La radio rurale di Kayes, una scuola
a distanza di dignità e sviluppo
Il Mali è uno dei paesi più poveri al mondo, eppure è ricco di giacimenti di oro e diamanti ha la seconda diga in Africa per portata d’acqua (un miliardo e mezzo di metri cubi), possiede migliaia di ettari di terreno irriguo. Come gli altri Paesi subsahariani, è interessato dal fenomeno dell’emigrazione, soprattutto giovane, verso l’Europa, attraverso la rotta del deserto, poi la Libia, infine il Mediterraneo.
Intorno agli anni ‘80, la regione di Kayes, al confine con Mauritania, Senegal e Guinea, era stata colpita dalla siccità decennale che aveva flagellato il Sahel., mentre al suo interno, la circolazione diventava più difficile durante la stagione delle piogge. Non esisteva altro mezzo di informazione oltre a quello governativo. Pensare per una simile realtà a una radio libera sembrava un’utopia. Tuttavia una Ong italiana, dopo accordi non facili col governo locale, riuscì a essere pioniera in questo settore: il primo agosto 1988 iniziò le sue trasmissioni la RRK, la Radio Rurale di Kayes, il cui primo direttore fu Felice Spingola, un economista che si occupa da oltre trent’anni di cooperazione internazionale in Africa.
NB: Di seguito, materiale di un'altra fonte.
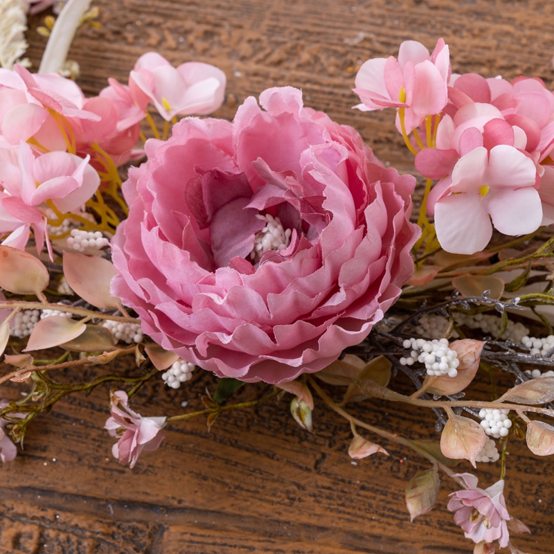 The overall design of the PL24052 is both striking and harmonious. With an outer ring diameter of 48cm and an inner ring diameter of 28cm, this half ring creates a visual frame that is both expansive and intimate. The height of the peony head, reaching a graceful 5cm, and its flower head diameter of 10cm, contribute to a focal point that is impossible to ignore. The peony, known for its lush blooms and symbolic meaning of prosperity and romance, serves as the centerpiece of this arrangement, its petals meticulously crafted to replicate the soft texture and vibrant hues of the real flower.

Per convincere il Ministero dell’Amministrazione Territoriale dell’epoca, la radio fu presentata come un mezzo non politico, come uno strumento alla stregua di un aratro, una canoa o un asino: “permetteva di raggiungere il villaggio, di mettere in contatto con i genitori, gli emigranti. Era, insomma, una vera radio rurale, di e per i contadini”, ricorda Spingola.
La radio come scuola
Il governatorato mise a disposizione un terreno e un edificio in disuso, furono formati gli operatori, tra cui ex studenti, insegnanti, artisti, venne bandito un concorso per la scelta del nome e gli ascoltatori suggerivano persino i valori che la radio dovesse condividere: fratellanza, dignità, pazienza, speranza, attraverso lettere scritte a mano che facevano recapitare in redazione. Nei programmi si parlava di agricoltura, bestiame, pesca, di società e cultura, si davano consigli di vita pratica, si veicolavano informazioni. Una cosa chiamava l’altra e, piano piano, prese forma un significativo processo di alfabetizzazione a distanza e di partecipazione anche femminile. Da quella esperienza nacquero altre radio ma RRK, supportata dall’Unesco, sopravvive grazie a un comitato sorto in Francia.
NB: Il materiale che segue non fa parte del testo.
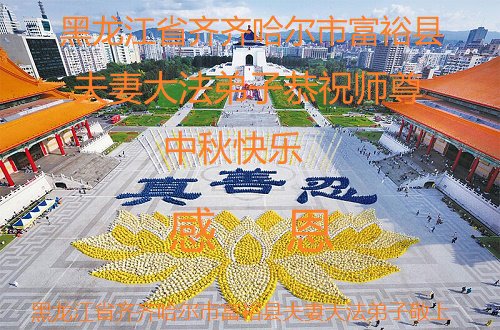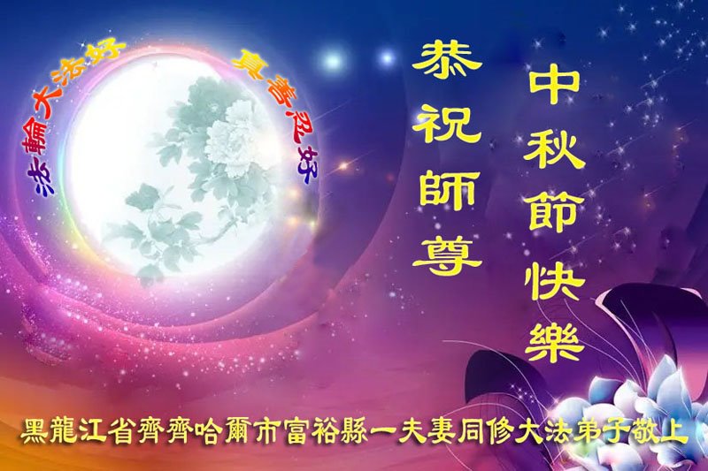 【明慧网二零二二年九月八日】 黑龙江省齐齐哈尔市富裕县一夫妻大法弟子恭祝师尊中秋节快乐!

Alla radio rurale seguì un altro progetto importante, la realizzazione di tre laboratori di trasformazione dei prodotti agricoli. “Il Mali è quattro volte più grande dell’Italia, a fronte di una popolazione di circa 20 milioni di abitanti, concentrati per lo più lungo i fiumi Senegal e Niger, e in prossimità della grande diga. La regione di Kayes – sostiene Spingola – ha un potenziale enorme. Ciò nonostante il 40% dei suoi prodotti marcisce nei campi, perché mancano gli strumenti e le tecniche di trasformazione e conservazione. Proprio a tale scopo, è nato un centro di formazione professionale, frequentato per l’85% da donne”.
L’ultimo golpe
Spingola in tutti questi anni ha conosciuto diversi leader politici, ha visto avvicendarsi presidenti e colpi di stato, conosce bene la complessità di quel Paese, ha seguito la formazione di una intellighenzia sempre più refrattaria ai vincoli imposti dalla Francia o dall’UE: “Quello che è accaduto in questi giorni (un colpo di stato militare, ndr) – dice – era nell’aria da anni, era evidente già nel movimento sorto contro il franco cfa. Dal Mali amici mi dicono che l’ultimo golpe ha l’appoggio della maggior parte della popolazione e il sostegno delle nuove generazioni insofferenti al vecchio Paese coloniale. Al momento, i golpisti dicono di essere determinati ad andare avanti, puntano a una transizione, a elezioni trasparenti, alla lotta alla corruzione, all’indipendenza economica”. L’esito naturalmente è incerto, anche se i maliani pare abbiano buone capacità di mediazione, che potrebbero scongiurare il peggio.
Sulla pelle degli africani si continua a giocare una partita pesante. Ai vecchi paesi coloniali se ne affiancano di nuovi. Di sicuro, però, esperienze come quella della Radio Rurale di Kayes indicano che un processo di liberazione autentica parte dal basso. Le trasmissioni sono principalmente nelle lingue locali (soninké, bambara, kassonké, poular) e non a caso all’inizio si tentò in ogni modo di farle realizzare nella lingua coloniale.